Since late July 2025, occupied Donetsk and its suburbs have suffered from a lack of water in the taps. This is an eloquent testament to the fact that Russia views the occupied territories exclusively as a springboard for further military action, disregarding the welfare of the local population.
“Water Blockade”
Before the full-scale invasion, Donetsk was supplied with water through a complex water supply system. This system consisted of the Siversky Donets – Donbas canal, a network of pumping and filtering stations, pipelines, and reserve reservoirs. The canal supplied water to the civilian and industrial infrastructure of Donetsk region and partly to Luhansk region.
The region's water system was disrupted since the start of Russian aggression in 2014. However, water continued to flow uninterruptedly to the occupied territories, even though the occupying authorities refused to pay for it.
Since the start of the great war, fierce battles and shelling by the enemy have begun on the Siversky Donets river and in the area where the canal runs—the cities of Bakhmut, Chasiv Yar, Toretsk, and others.


Photo by Oleksandr Ratushniak
The occupying authorities appointed by the Kremlin began talking about a water emergency in the region in late July 2025, shifting the blame onto Ukraine. “The Kyiv regime organized a water blockade of the residents of Donbas, which is affecting all cities of the Donetsk agglomeration,” writes the propaganda publication “Arguments and Facts”.

Propagandists insist that the reason for the “water blockade” is simple: “Bankova believes that the keys to Donetsk are at the beginning of the Siversky Donets – Donbas canal. It is fundamentally important for Zelenskyy and his European allies that the residents of the ‘DNR’ capital suffer without water,” writes “Ukraina.ru”.
The Russians call the “water blockade” a series of actions allegedly taken by Ukraine since the start of the “SMO.” The Russian authorities accused Ukraine of:
- turning off the pumping station by the AFU in the Kramatorsk area in spring 2022;
- artillery shelling and mining of the filtering station through which all the water enters the city;
- neglect of the pipeline network.


Photo by Kostiantyn and Vlada Liberov

Photo by Kostiantyn and Vlada Liberov
The Russian online media «Lenta.ru» even blamed the weather, but not the Russian army: «The water blockade by the AFU combined with the anomalous heat and the collapse of the worn-out infrastructure from the USSR era have negatively affected the water supply in Donbas».
Regarding the worn-out infrastructure, the Ukrainian government attracted international financial assistance in 2020 to modernize the canal and the rest of the system, which was built half a century ago. Meanwhile, in Luhansk region, 80% of the water supply networks are in disrepair, primarily in the territory seized by Russia in 2014. Oleksii Kharchenko, Head of the Luhansk Regional Military Administration, reported this. Due to active mobilization in the region, there was a shortage of utility workers, the American media The New York Timesrelays the words of a local resident.
War on the Canal
In September 2022, Russians destroyed the dam of the Oskil Reservoir in Kharkiv region. As a result, it became 70 percent shallower. This negatively affected the ecosystem of the main river of the east, the Siversky Donets, in whose basin the canal begins.

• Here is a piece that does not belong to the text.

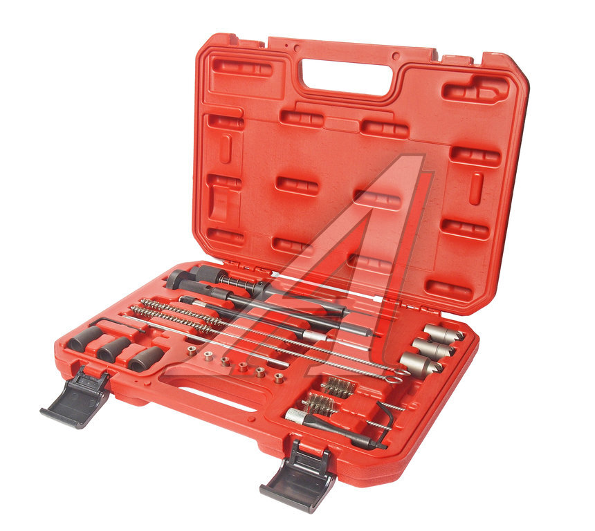 Комплектация Съёмник уплотнительных шайб; Направляющая для чистки седла форсунки; Переходная втулка – 3 шт.; Шестигранный ключ – 2 шт. Фреза 0°, Ø19 мм, 17 мм, 15 мм со ступенчатым профилем зуба – 3 шт.; Удлиненные ершики для чистки колодцев – 2 шт.; Короткие ершики для чистки колодцев – 2 шт.; Направляющая гибкая; Адаптер для коротких ершиков; Металлическая шпилька с резьбой; Заглушки – 5 шт. Описание Оптимальный комплект для восстановления и очистки посадочных мест форсунок. Применение Применяется для ремонта посадочных мест форсунок BOSCH и DELPHI двигателей HDI, дизельных двигателей с прямым впрыском топлива и двигателей с системой Common Rail.

Photo by Kostiantyn and Vlada Liberov
Over the years of the full-scale war, power grids and water infrastructure have been destroyed. The river itself and its channels have become a defensive line against the invading army.
Ukrainian photo documentarians embarked on dangerous assignments to the east and accompanied military assaults to tell the world the truth about the brutality of this war, particularly in the area where the canal runs.
Photo documentarian Heorhii Ivanchenko documented life in semi-destroyed Bakhmut at the turn of 2022–2023. He lived in the basement of a kindergarten near the Bakhmutka river, a tributary of the Siversky Donets. Russian positions were only a kilometer and a half away.
«I had never been to Bakhmut before. The first day in the city was only winter, cold, grayness, destroyed or damaged buildings all around, the smell of burnt metal, and explosions without intermissions during the walk,» says Ivanchenko.

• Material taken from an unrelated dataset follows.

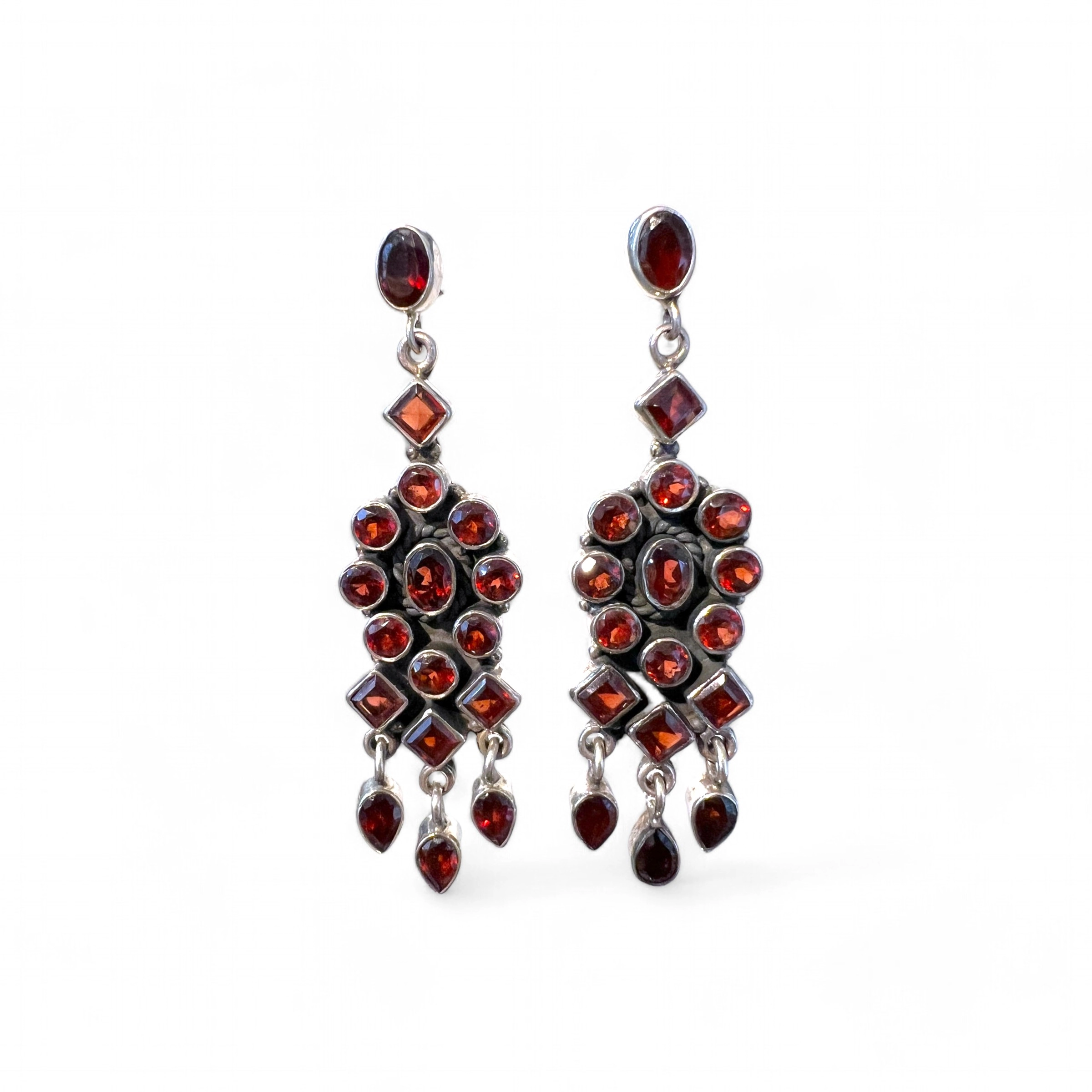 Brinco de Granada lapidado, prata 925.tamanho - 6cmx1.7cm na maior largura

Photo by Heorhii Ivanchenko
Photo documentarians Kostiantyn and Vlada Liberov visited the city of Chasiv Yar in July 2024. The city, which has become a symbol of Ukrainian resistance, has been stormed by Russians since April 2024. The Siversky Donets – Donbas canal runs through it.
«Chasiv Yar. Russia has approached the city and turned it into ruins, like everything it touches. According to DeepState maps, we pushed the enemy out of the city as recently as June 27, and now the Russians have completely occupied the Canal microdistrict. And erased it from the face of the earth. Despite the fact that the soldiers defending Chasiv Yar are ready to stand until the end, today there is a real threat that we will lose the city,» Kostiantyn and Vlada shared their thoughts on the situation in the city.

Photo by Vlada and Kostiantyn Liberov
However, shelling and fighting were not the only things that destroyed the region's water infrastructure. The Russian army used the canal's pipes and channels for advancement.
The Ukrainian online media Ukrinform published a statement by Anastasia Bobovnikova, press secretary of the “Luhansk” operational-tactical group, in December 2024 about the accumulation of enemy resources and personnel in the canal pipe in the city of Chasiv Yar. «[...]They climb over the Siversky Donets – Donbas canal, which partially looks like a channel and partially like a pipe. And in this pipe, they set up hiding places [...]», Bobovnikova refuted the Russian accusations.
In January 2025, to speed up the offensive on the city, Russians blew up the canal pipes. Despite the enemy pressure, the city continues to resist.
The New York Times outlines the reason for the water crisis in Donetsk region with the words of sociologist and historian Sophie Lambroschini from Paris Nanterre University, who studied water supply in war-torn Ukraine: «The war has completely disrupted the entire water balance of the region».
“Argumentative” Aggression
Propaganda media publish emotional slogans, such as “our task is to ensure there is always water in homes” («Lenta.ru»).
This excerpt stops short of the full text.